[RECORDED DATA]
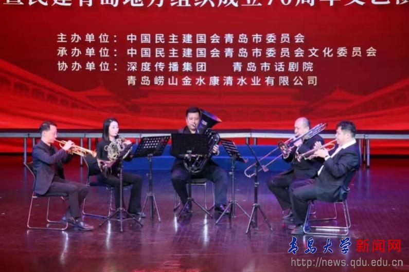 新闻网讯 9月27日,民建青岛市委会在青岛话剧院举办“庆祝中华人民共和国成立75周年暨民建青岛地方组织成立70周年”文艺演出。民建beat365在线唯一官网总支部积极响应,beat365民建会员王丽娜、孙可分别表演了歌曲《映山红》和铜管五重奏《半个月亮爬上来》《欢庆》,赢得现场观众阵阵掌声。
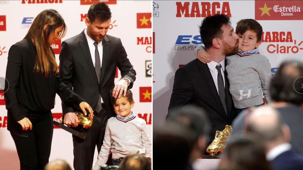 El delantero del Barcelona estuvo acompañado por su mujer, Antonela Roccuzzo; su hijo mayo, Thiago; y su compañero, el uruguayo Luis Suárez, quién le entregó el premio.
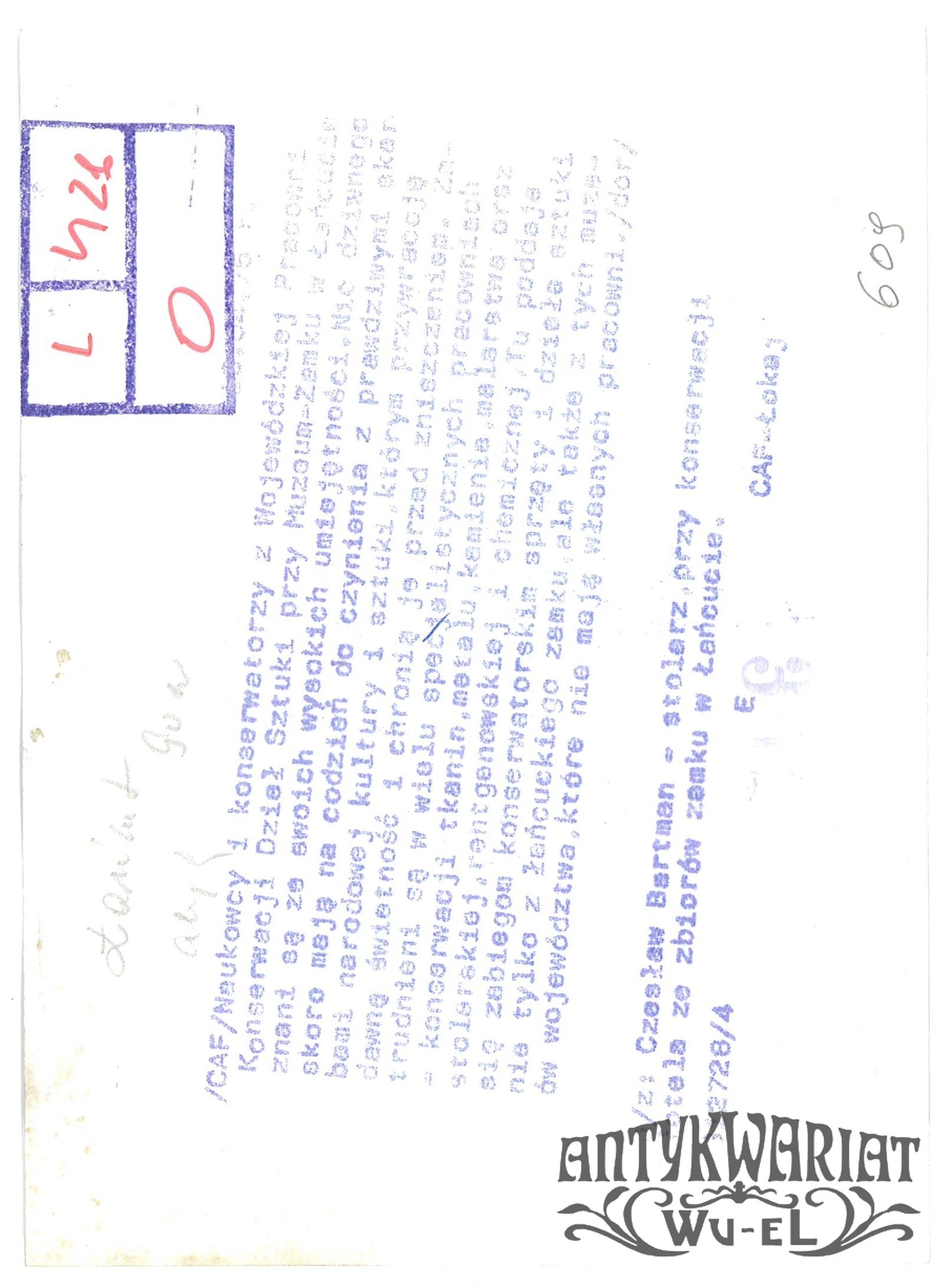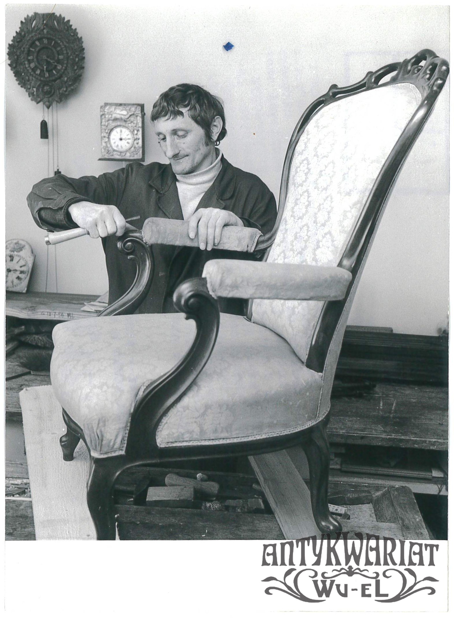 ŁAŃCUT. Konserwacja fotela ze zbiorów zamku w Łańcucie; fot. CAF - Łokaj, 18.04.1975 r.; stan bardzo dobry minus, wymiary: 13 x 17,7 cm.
[/RECORDED DATA]
Leave out the pictures and set down all of the data exactly.

 新闻网讯 9月27日,民建青岛市委会在青岛话剧院举办“庆祝中华人民共和国成立75周年暨民建青岛地方组织成立70周年”文艺演出。民建beat365在线唯一官网总支部积极响应,beat365民建会员王丽娜、孙可分别表演了歌曲《映山红》和铜管五重奏《半个月亮爬上来》《欢庆》,赢得现场观众阵阵掌声。
 El delantero del Barcelona estuvo acompañado por su mujer, Antonela Roccuzzo; su hijo mayo, Thiago; y su compañero, el uruguayo Luis Suárez, quién le entregó el premio.
 ŁAŃCUT. Konserwacja fotela ze zbiorów zamku w Łańcucie; fot. CAF - Łokaj, 18.04.1975 r.; stan bardzo dobry minus, wymiary: 13 x 17,7 cm.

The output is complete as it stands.